A further advantage of the new digital tax for Kerala would be, in contrast to GST, it would allow the state to exercise its rights on it. As far as inheritance tax is concerned, he says it is time to reintroduce it as one of the instruments to address the rising inequality in the country, particularly in states like Kerala. Nirmala Padmanabhan, who is a member of the Kerala Public Expenditure Review Committee, says a gradual calibrated increase in various fees and payments for services should be considered once the state economy is back on the recovery path. “Currently, many services are offered at very low rates which do not cover even a fraction of the cost of delivery -- a typical example being medical or engineering education,” she says.
A feasible strategy would be to entrust dynamic personnel in each government department who is familiar with their day-to-day functioning with the task of identifying such revenue sources as well as strategies for expenditure trimming, says Padmanabhan. Rationalising the size of the government, including cutting down wasteful expense, and divestment or winding up of loss-making PSUs would also help the state, which is on the brink of bankruptcy. There are other avenues too, such as congestion tax in cities like Kochi, where the traffic comes to a halt in peak hours, says Raviraman. The big question is whether Kerala has the courage to think out of the box and provide lasting solutions to the financial mess.

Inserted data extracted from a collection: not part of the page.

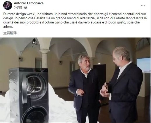 当地时间6月10日,意大利著名设计师Antonio Lamonarca在个人社交媒体分享自己在2022米兰设计周期间看到的,卡萨帝以锡兰青为主色调的东方美学艺术以及成套嵌入式高端智慧场景方案。同时,Antonio Lamonarca感叹:“卡萨帝是一个伟大的高端品牌,她采用的锡兰青色真的是大胆而有品味。”
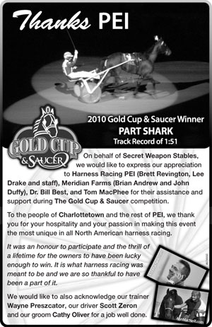 After finishing second in the Gold Cup & Saucer with Secret Weapon in 2009, Jim Lehman was floored by the Island hospitality offered to him by PEI's harness racing community
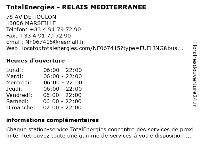 Termes de recherche pour TotalEnergies - RELAIS MEDITERRANEE:relais, total, méditerranée, gas station, station service, tankstelle, totalenergies |
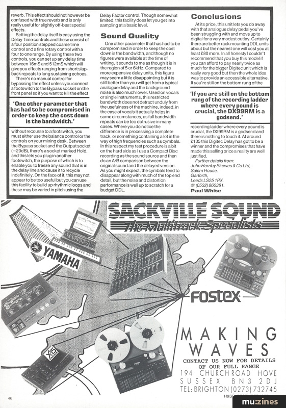 At its price, this unit lets you do away with that analogue delay pedal you've been struggling with and move up to digital for a very modest outlay. Certainly there are better rack mounting DDL units about but the nearest one will cost you at least £80 more. In all honesty I couldn't recommend that you buy this model if you can afford to pay nearly twice as much for the bigger Digitec unit which is really very good but then the whole idea was to provide an accessible alternative. If you're still on the bottom rung of the recording ladder where every pound is crucial, the DX99RM is a godsend and there is nothing to touch it. At around £135 this Digitec Delay has got to be a winner and the compromises that have made this selling price a reality are well justified.
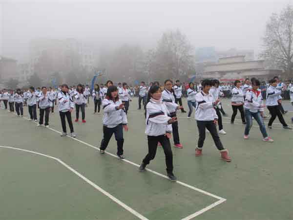 為了推進我校陽光體育迅速蓬勃發(fā)展,增強學生體質,展現新時期青年學生的風采,創(chuàng)建文明和諧校園,豐富校園文化生活,提高班級集體意識。同時,也為了進一步普及第二套全國中學生廣播體操(時代在召喚)。2013年11月29日上午八點整,在莊嚴的國歌聲中,貴州省務川中學“體育活動月”之太極拳、廣播體操比賽活動隆重舉行。會議由學校副校長覃智鋒同志主持,裁判員張艷明老師宣讀比賽規(guī)則,田維貴校長宣布“體育活動月”之太極拳、廣播體操比賽正式開始。
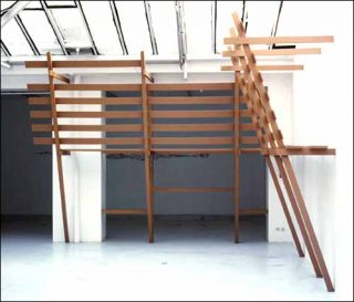 La sculpture (Copie) est adossée au mur de la galerie. C’est une structure d’échafaudage parisien reconstituée en carton. On y retrouve le geste précis et la minutie de l’orfèvre, la contradiction entre la fragilité du matériau et son effet de solidité. La qualité de finition également, la volonté de faire quelque chose qui tient debout, qui s’impose, s’émancipe de son référent sans le trahir.
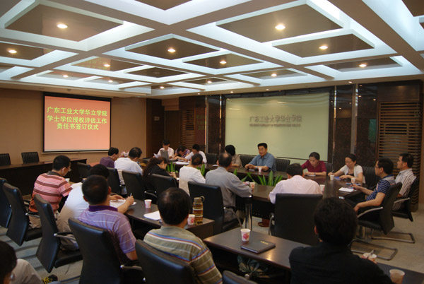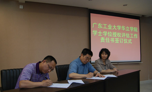 首先,由詹业宏常务副院长和王锦秀书记代表学院与各部门负责人签订广东工业大学华立学院学士学位授权评估工作责任书。各部门保证以高度负责的态度认真对待学士学位授予权评估工作,将组织最好最大的力量投入该项工程,以评促建、以评促改、以评促管、评建结合、重在建设,保证完成学院交代的各项任务。
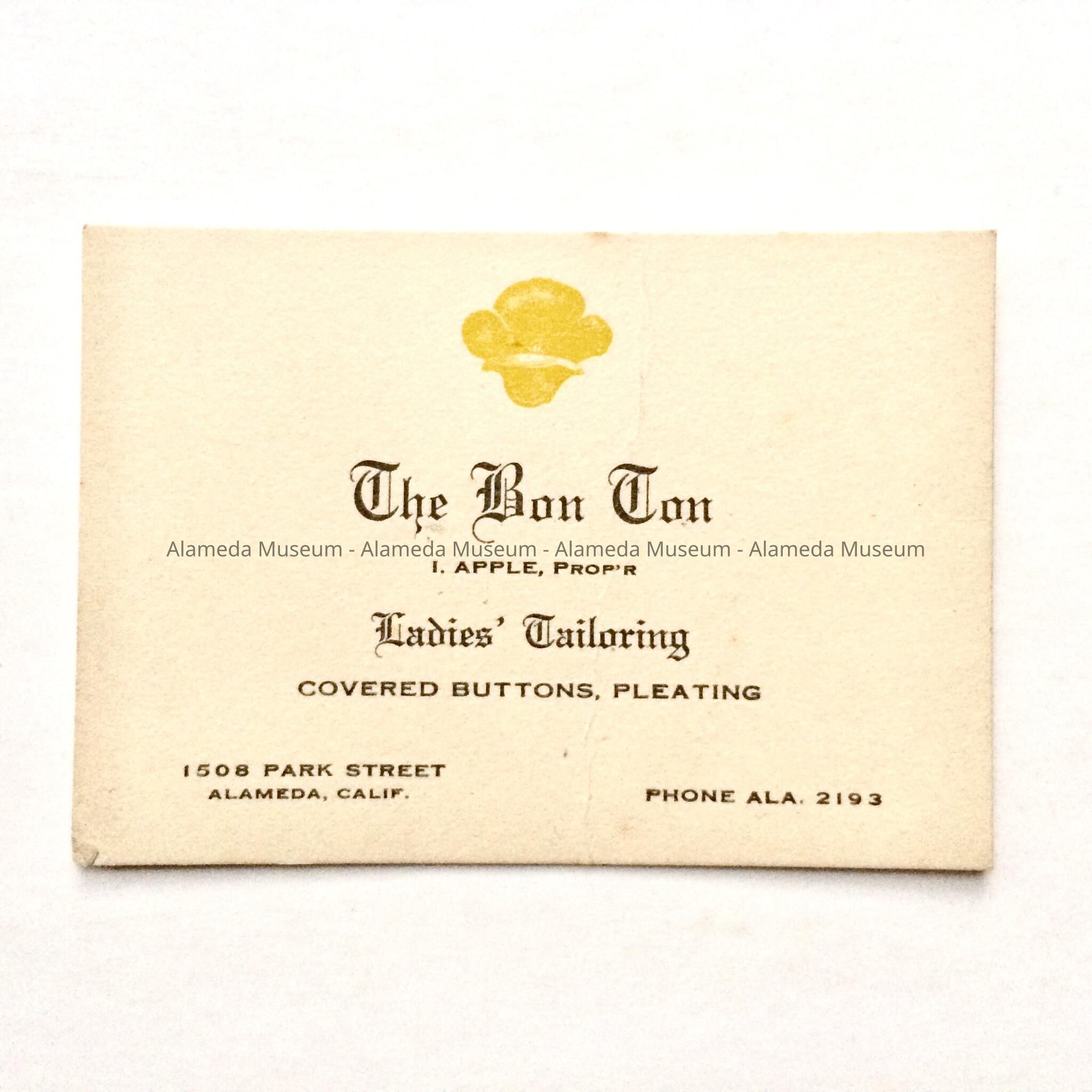 Business card of The Bon Ton, ladies tailoring at 1508 Park Street, I. Apple, Proprietor, Phone Ala-2191
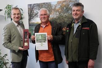 Bürgermeister Andreas Geron (l.) und Revierförster Stephan Braun (r.) gratulierten Boris Kuntzmann aus Rheinbach zum Erwerb des 1000. Partnerschafts-Anteils.
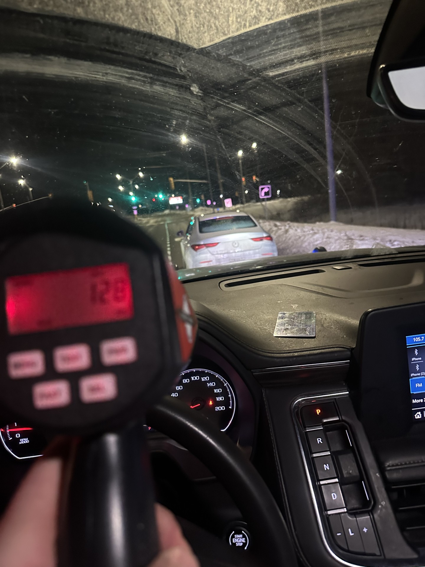 The officer was utilizing a handheld radar and determined the vehicle was travelling at 128 km/h in a posted 50km/h zone.
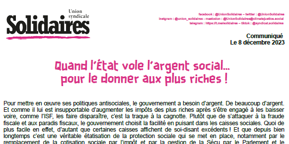 Les caisses de sécurité sociale et les organismes participant à la protection sociale ne sont pas la tirelire de l’État dans lequel celui-ci pourrait puiser pour financer ses politiques et son refus obstiné d'augmenter les impôts. Et ce n’est pas parce qu’il s’est installé maitre à bord des caisses sociales que cela l’autorise pour autant à disposer de ces fonds ! C’est en réalité à un nouveau « ruissellement » vers le haut auquel nous assistons : les cotisations sociales payées par les salarié-es servent de moins en moins à financer les politiques sociales et de redistribution et toujours plus à compenser les cadeaux fiscaux énormes faits aux plus riches. Cadeaux qui provoquent des déficits publics prétexte à la casse ensuite des services publics et des politiques sociales.
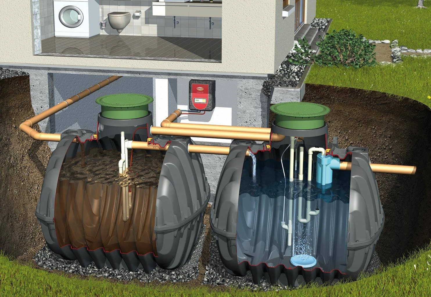 Эта система применяется в случае, если на участке грунтовые воды залегают близко к поверхности. Здесь также присутствует герметичная емкость, где масса разлагается на илистую смесь и воду. Но после очищения жидкость поступает не в резервуар с дренажем, а откачивается насосами на специально оборудованную площадку.
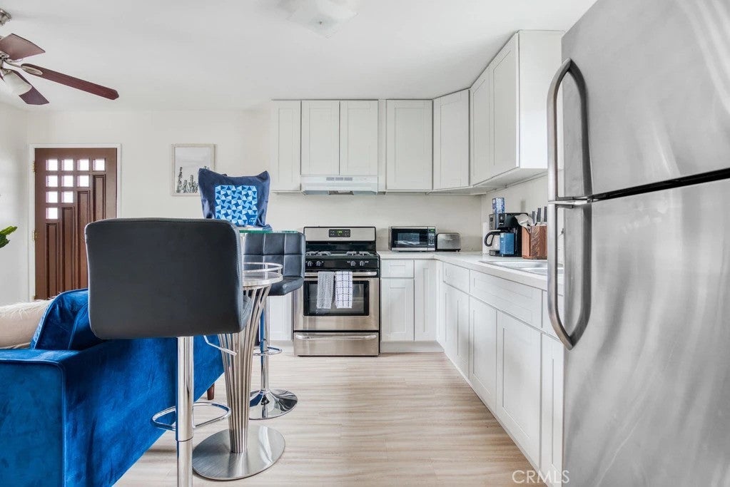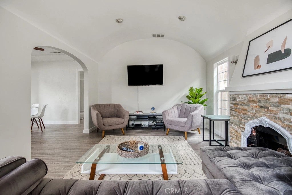 Welcome to 1582 S Ridgeley Drive, a versatile duplex property offering strong rental potential and flexible living options in the heart of Los Angeles. Situated on a 5,400 sq ft lot, the property consists of a front freestanding 3-bedroom, 2-bathroom home and a separate 1-bedroom, 1-bathroom rear unit, creating an attractive opportunity for investors or owner-occupants seeking additional income. The front residence spans approximately 1,804 sq ft and blends classic Spanish character with thoughtful updates. The living room is filled with natural light from beautiful arched windows, while a charming breakfast nook with matching arches provides a warm and inviting dining space. A later addition created a spacious primary suite with separate driveway access, offering excellent flexibility for multigenerational living or potential rental separation. The front home also enjoys a welcoming brick patio in the front yard, surrounded by mature landscaping and fruit trees. A two-car garage and large driveway provide ample off-street parking. The rear unit sits above the garage and offers approximately 550 sq ft with 1 bedroom and 1 bathroom. The unit includes its own private yard, one-car garage, and separately metered gas and electricity, allowing for true independence from the main home. Currently leased for $2,000 per month, the unit provides immediate rental income. Permit street parking adds additional convenience for residents and guests. Ideally positioned with quick access to the 10 Freeway, the property is just minutes from major Los Angeles attractions including The Grove, Original Farmers Market, and LACMA, along with well-known dining destinations such as Alta Adams and Republique. A compelling opportunity to own a centrally located duplex with existing income and strong long-term upside in one of Los Angeles’ most convenient neighborhoods.
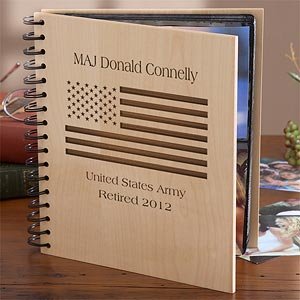 We'll artfully laser-engrave your choice of any three lines, placed outside our American Flag design, to honor any serviceman or woman! Natural maple veneer with spiral binding. Album Size: 7 2/3" x 8 3/4" Photo Size: 4" x 6" No. of Photos: 72 (18 pages; 4 photos per page) A wonderful way to pay tribute to our American heroes!
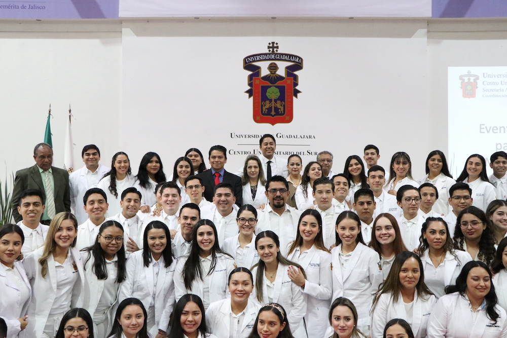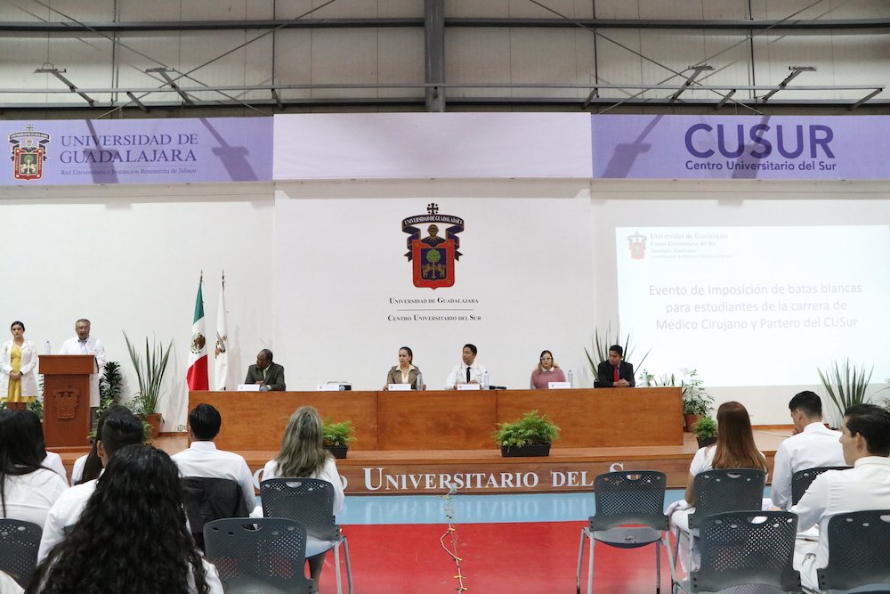 Este miércoles 15 de febrero se llevó a cabo, en el auditorio Adolfo Aguilar Zínser del Centro Universitario del Sur (CUSur), la imposición de batas blancas a los estudiantes de la licenciatura en Médico Cirujano y Partero.
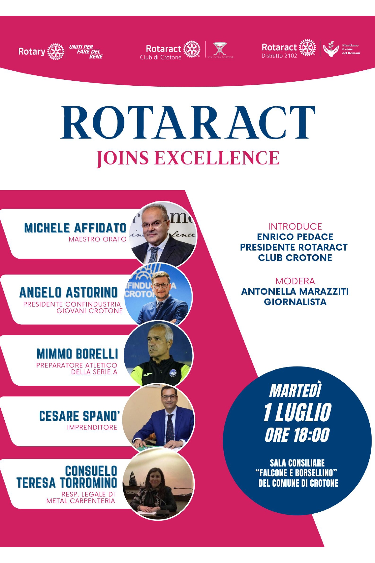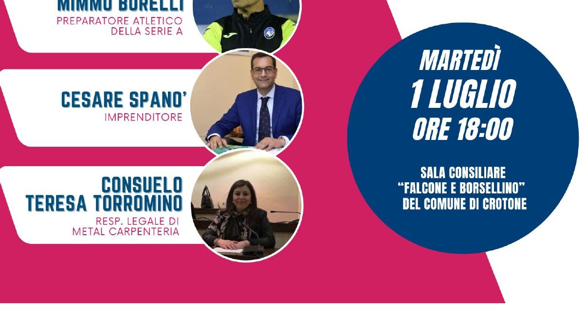 L’incontro sarà introdotto da Enrico Pedace, Presidente del Rotaract Club Crotone, e moderato da  Antonella Marazziti, giornalista, da anni protagonista della comunicazione calabrese, attenta ai temi  sociali e alla valorizzazione del territorio.

Mathai suggests the way forward for Kerala is to transform itself into an ecology of micro-enterprise. “Tradable volumes of coconuts, coconut husks, eggs or chicken can be achieved with cluster-model approach using tech solutions. It is estimated that only 30% of homestead income can come through produce grown at home. The balance must come through members of homestead rendering services or via aggregated cluster-based manufacturing,” says Mathai.
This is that time of the year when various ministries make their demands for fund allocation in next year’s budget. When Finance Minister K N Balagopal rises in the assembly to present the Pinarayi 2.0 government’s first full budget, will he make up for the lost time? We will have to wait till February.